Scanning the Genome for Recent Selection
Thus far we have demonstrated how the genomic distribution of haplotype sharing may be used in a priori tests of selection when strong candidates, such as the FRI loss-of-function alleles, exist. We now turn to a fundamentally different application, namely scanning the genome for signs of recent selection. Because we have no a priori candidates, we are simply trying to identify those alleles and regions that exhibit the strongest signals of selection [31, 32]. However, since we are not assuming any statistical model, we have no way of assessing the significance of our findings. The top 1% is just that. Nonetheless, assuming that some recent selection has occurred in the genome, we expect that this set of alleles and their associated haplotypes will be enriched for regions affected by recent selection, and thus each of these regions can be considered as a candidate for recent selection.
In addition to friCol, 31 alleles found in more than two accessions and at frequency less than 0.8 were identified as clearly above the 99th percentile of PHS ( Table S1). They were found on all five chromosomes, though they were not distributed evenly according to genetic length (χ2 4 degrees of freedom, p < 0.005), with an excess found on Chromosomes 2 and 4. Some of these alleles, hereafter referred to as candidate alleles, may be associated with targets of selection; most are probably due to chance. We certainly plan to investigate a few of the more interesting regions further.

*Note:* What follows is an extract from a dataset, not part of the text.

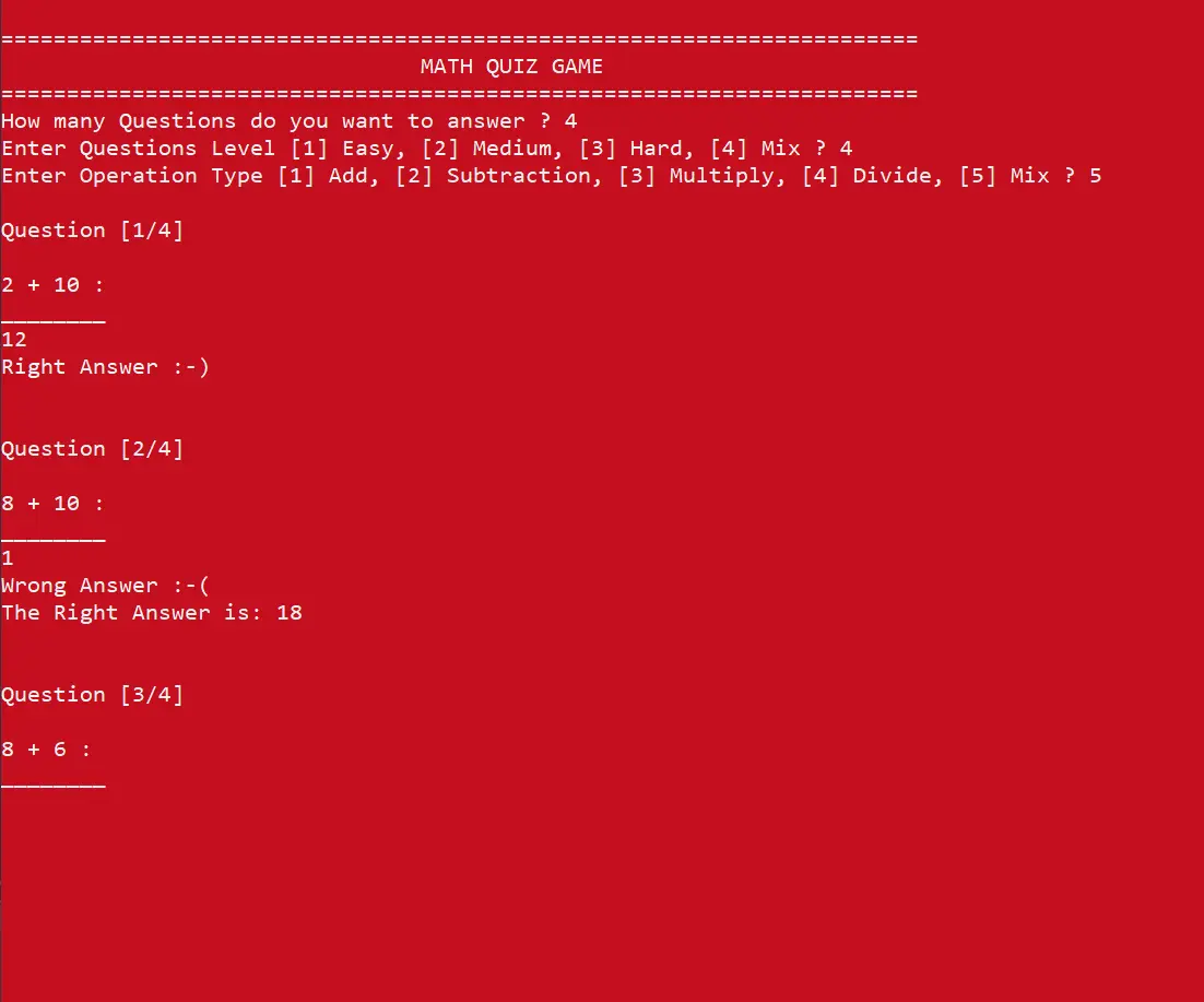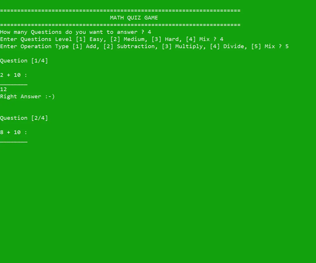 This project was created to practice problem-solving, random generation, and data handling. It allows the player to choose the number of questions, difficulty level, and operation type before starting the quiz. The game calculates results instantly and displays a final report at the end of each session.

A problem when using haplotype sharing to scan the genome for selection is that it is difficult to identify the precise target of selection. Given that our polymorphism data represent approximately 0.5% of the genome, it is likely that the targets of selection reside in the 99.5% of the genome between our sequenced fragments and that most of the 31 candidate alleles merely are in strong LD with them. But even if we had complete sequence information, it would be difficult to identify the targets of selection. This is because selection at a single allele will often generate a complex pattern of increased haplotype sharing around multiple alleles throughout the chromosomal region. We attempted to remove alleles from our analyses that were obviously part of the same event. For instance, alleles in two fragments linked to FRI that were in strong LD with the friCol allele had PHS scores that are above the 99th percentile, but because these alleles were redundant with friCol and scored lower, they were removed. Yet our criteria for identifying redundant alleles are arbitrary, and will not always work.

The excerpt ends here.